MAY it please the Court and gentlemen of the jury, waiving congratulations, reminiscences and animadversions, I will proceed to the business in hand. There are two principal and important questions to be decided by you: First, is the will sought to be probated, the will of Andrew J. Davis? Is it genuine? Is it honest?

And second, did Andrew J. Davis make a will after 1866 revoking all former wills, or were the provisions such that they were inconsistent with the provisions of the will of 1866?

These are the questions, and as we examine them, other questions arise that have to be answered. The first question then is: Who wrote the will of 1866? Whose work is it? When, where and by whom was it done? And I don't want you, gentlemen, to pay any attention to what I say unless it appeals to your reason and to your good sense. Don't be afraid of me because I am a sinner.* I admit that I am. I am not like the other gentleman who thanked God "that he was not as other men."

* Col. Ingersoll when speaking of himself as a sinner in
this address is referring to the remarks made by Senator
Sanders, who in the preceding address said:
"In an old book occur the words, 'My son if sinners entice
thee consent thou not.' I will not apply this to you,
gentlemen of the jury. But I have a right to demand of you
that you hold your minds and hearts free from all influences
calculated to swerve you until you have heard the last words
in this case." The Senator enjoined them not to be beguiled
by the eloquence of a man who was famed for his eloquence
over two continents and in the islands of the sea; a man
whose eloquence fittingly transcended that of Greece in the
time of Alexander.

I have the faults and frailties common to the human race, but in spite of being a sinner I strive to be at least a good-natured one, and I am such a sinner that if there is any good in any other world I am willing to share it with all the children of men. To that extent at least I am a sinner; and I hope, gentlemen, that you will not be prejudiced against me on that account, or decide for the proponent simply upon the perfections of Senator Sanders. Now, I say, the question is: Who wrote this will? The testimony offered by the proponent is that it was written by Job Davis. We have heard a great deal, gentlemen, of the difference between fact and opinion. There is a difference between fact and opinion, but sometimes when we have to establish a fact by persons, we are hardly as certain that the fact ever existed as we are of the opinion, and although one swears that he saw a thing or heard a thing we all know that the accuracy of that statement must be decided by something besides his word.
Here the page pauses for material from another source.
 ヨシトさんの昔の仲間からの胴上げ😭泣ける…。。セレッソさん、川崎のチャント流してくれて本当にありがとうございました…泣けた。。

There is this beautiful peculiarity in nature—a lie never fits a fact, never. You only fit a lie with another lie, made for the express purpose, because you can change a lie but you can't change a fact, and after a while the time comes when the last lie you tell has to be fitted to a fact, and right there is a bad joint; consequently you must test the statements of people who say they saw, not by what they say but by other facts, by the surroundings, by what are called probabilities; by the naturalness of the statement. If we only had to hear what witnesses say, jurymen would need nothing but ears. Their brains could be dispensed with; but after you hear what they say you call a council in your brain and make up your mind whether the statement, in view of all the circumstances, is true or false.
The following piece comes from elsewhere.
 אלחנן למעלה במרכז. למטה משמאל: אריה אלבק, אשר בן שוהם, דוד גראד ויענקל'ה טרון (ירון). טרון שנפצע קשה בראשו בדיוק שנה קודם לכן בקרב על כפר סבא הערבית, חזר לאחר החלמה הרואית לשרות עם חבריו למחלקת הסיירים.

Did Job Davis write the will? I would be willing to risk this entire case on that one proposition. Did Job Davis write this will? And I propose to demonstrate to you by the evidence on both sides that Job Davis did not write that will. Why do I say so?

First: The evidence of all the parties is that Job Davis wrote a very good hand; that his letters were even. He wrote a good hand; a kind of schoolmaster, copy-book hand. Is this will written in that kind of hand? I ask Judge Woolworth to tell you whether that is written in a clerkly hand; whether it was written by a man who wrote an even hand; whether it was written by a man who closed his "a's" and "o's"; whether it was written by one who made his "h's" and "b's" different. Job Davis was a good scholar.
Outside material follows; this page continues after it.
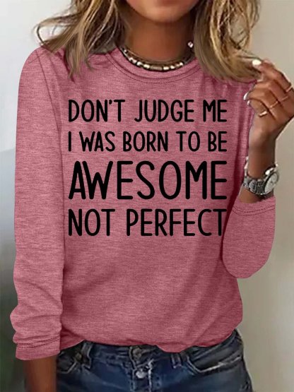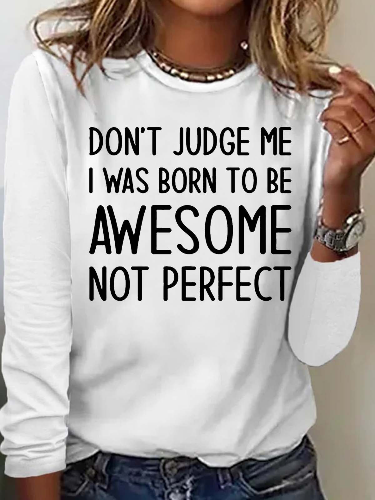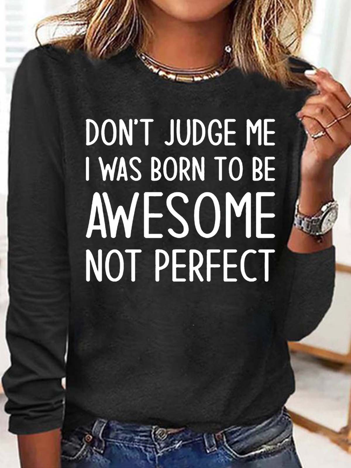 Women‘s Don't Judge Me I Was Born To Be Awesome Not Perfect Casual Crew Neck Top

No good penman ever wrote the body of that will. If there were nothing else I would be satisfied, and, in my judgment, you would be, that it is not the writing of Job Davis.

It is the writing; of a poor penman; it is the writing of a careless penman, who, for that time, endeavored to write a little smaller than usual, and why? When people forge a will they write the names first on the blank paper. They will not write the body of the will and then forge the name to it, because if they are not successful in the forgery of the name they would have to write the whole business over again; so the first thing they would do would be to write the name and the next thing that they would do would be to write the will so as to bring it within the space that was left, and here they wrote it a little shorter even than was necessary and quit there [indicating on the will] and made these six or seven marks and then turned over, and on the other side they were a little crowded before they got to the name of A. J. Davis.